What this task involves:
In the copy, every line of the material that follows must appear exactly, and no pictures should.

Supplied data:
- - - - - - -
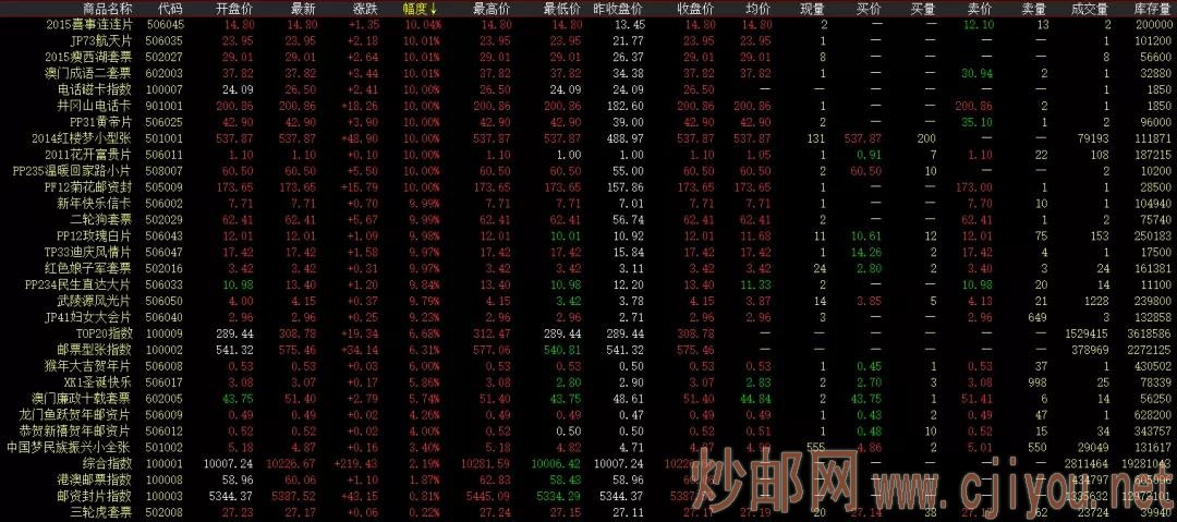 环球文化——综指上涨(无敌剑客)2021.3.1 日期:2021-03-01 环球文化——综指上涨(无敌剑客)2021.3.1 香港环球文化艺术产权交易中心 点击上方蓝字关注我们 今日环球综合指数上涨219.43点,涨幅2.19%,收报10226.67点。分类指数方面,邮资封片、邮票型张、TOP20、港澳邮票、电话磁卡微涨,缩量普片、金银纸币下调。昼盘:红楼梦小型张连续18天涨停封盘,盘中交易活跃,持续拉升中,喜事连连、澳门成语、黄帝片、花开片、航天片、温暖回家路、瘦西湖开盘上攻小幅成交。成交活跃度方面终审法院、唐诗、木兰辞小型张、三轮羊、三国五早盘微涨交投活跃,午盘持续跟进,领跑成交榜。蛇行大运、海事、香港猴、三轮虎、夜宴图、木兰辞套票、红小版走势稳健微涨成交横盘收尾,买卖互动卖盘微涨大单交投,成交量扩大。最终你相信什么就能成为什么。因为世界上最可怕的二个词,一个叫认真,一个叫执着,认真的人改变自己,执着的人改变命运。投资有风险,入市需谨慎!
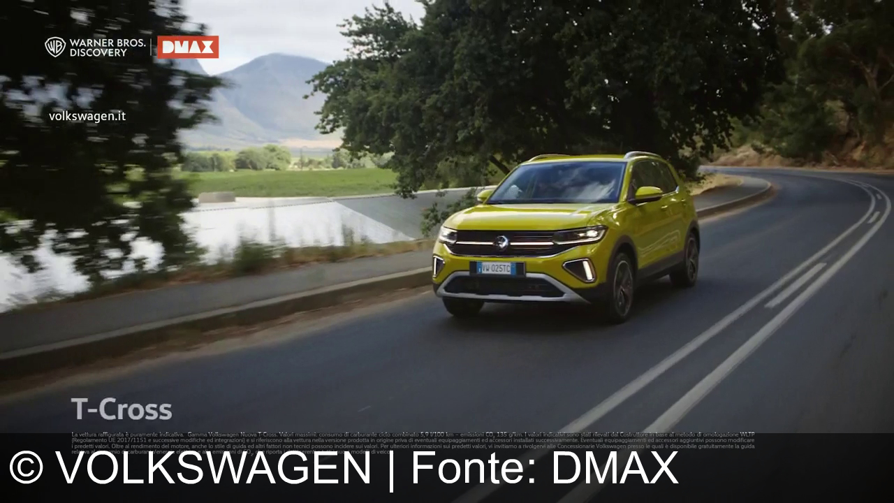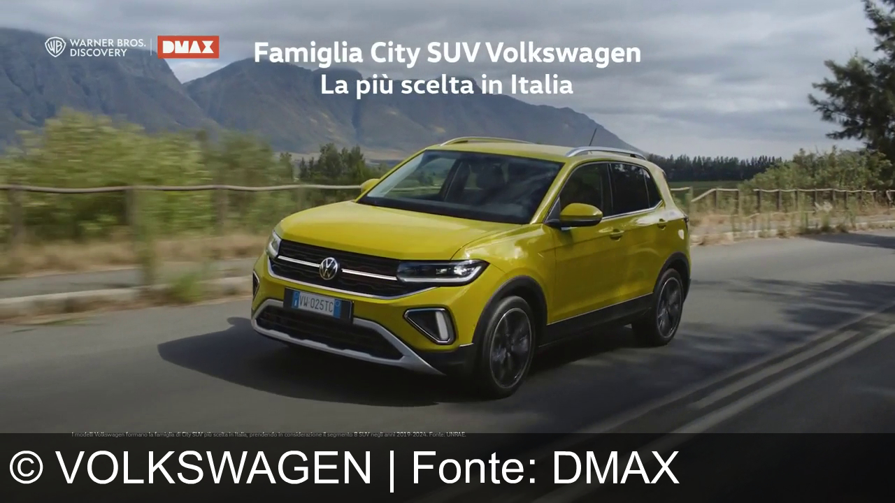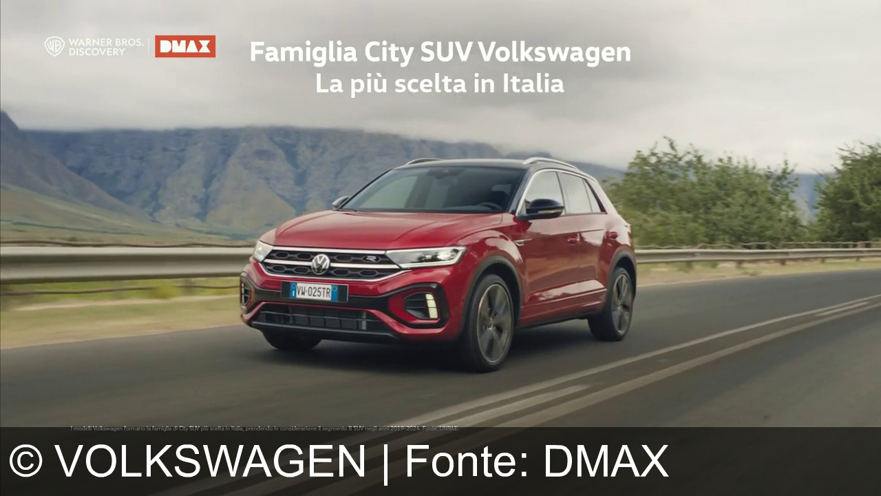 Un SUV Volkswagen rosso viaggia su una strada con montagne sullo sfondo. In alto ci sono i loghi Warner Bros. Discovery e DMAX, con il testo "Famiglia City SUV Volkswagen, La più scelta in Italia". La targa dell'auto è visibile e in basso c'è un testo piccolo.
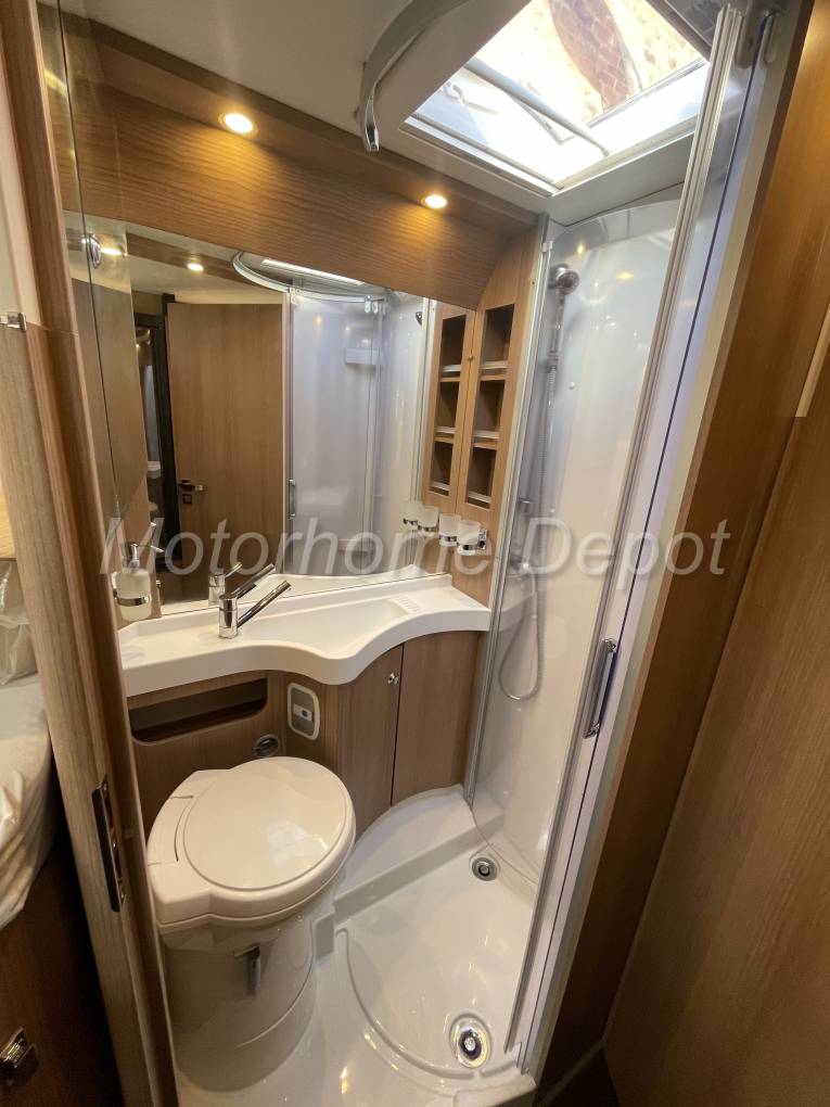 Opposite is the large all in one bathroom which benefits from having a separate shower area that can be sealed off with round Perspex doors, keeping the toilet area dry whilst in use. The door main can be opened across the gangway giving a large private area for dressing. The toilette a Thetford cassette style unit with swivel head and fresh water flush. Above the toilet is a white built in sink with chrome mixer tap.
- - - - - - -
Written answer:
 环球文化——综指上涨(无敌剑客)2021.3.1 日期:2021-03-01 环球文化——综指上涨(无敌剑客)2021.3.1 香港环球文化艺术产权交易中心 点击上方蓝字关注我们 今日环球综合指数上涨219.43点,涨幅2.19%,收报10226.67点。分类指数方面,邮资封片、邮票型张、TOP20、港澳邮票、电话磁卡微涨,缩量普片、金银纸币下调。昼盘:红楼梦小型张连续18天涨停封盘,盘中交易活跃,持续拉升中,喜事连连、澳门成语、黄帝片、花开片、航天片、温暖回家路、瘦西湖开盘上攻小幅成交。成交活跃度方面终审法院、唐诗、木兰辞小型张、三轮羊、三国五早盘微涨交投活跃,午盘持续跟进,领跑成交榜。蛇行大运、海事、香港猴、三轮虎、夜宴图、木兰辞套票、红小版走势稳健微涨成交横盘收尾,买卖互动卖盘微涨大单交投,成交量扩大。最终你相信什么就能成为什么。因为世界上最可怕的二个词,一个叫认真,一个叫执着,认真的人改变自己,执着的人改变命运。投资有风险,入市需谨慎!
 Un SUV Volkswagen rosso viaggia su una strada con montagne sullo sfondo. In alto ci sono i loghi Warner Bros. Discovery e DMAX, con il testo "Famiglia City SUV Volkswagen, La più scelta in Italia". La targa dell'auto è visibile e in basso c'è un testo piccolo.
 Opposite is the large all in one bathroom which benefits from having a separate shower area that can be sealed off with round Perspex doors, keeping the toilet area dry whilst in use. The door main can be opened across the gangway giving a large private area for dressing. The toilette a Thetford cassette style unit with swivel head and fresh water flush. Above the toilet is a white built in sink with chrome mixer tap.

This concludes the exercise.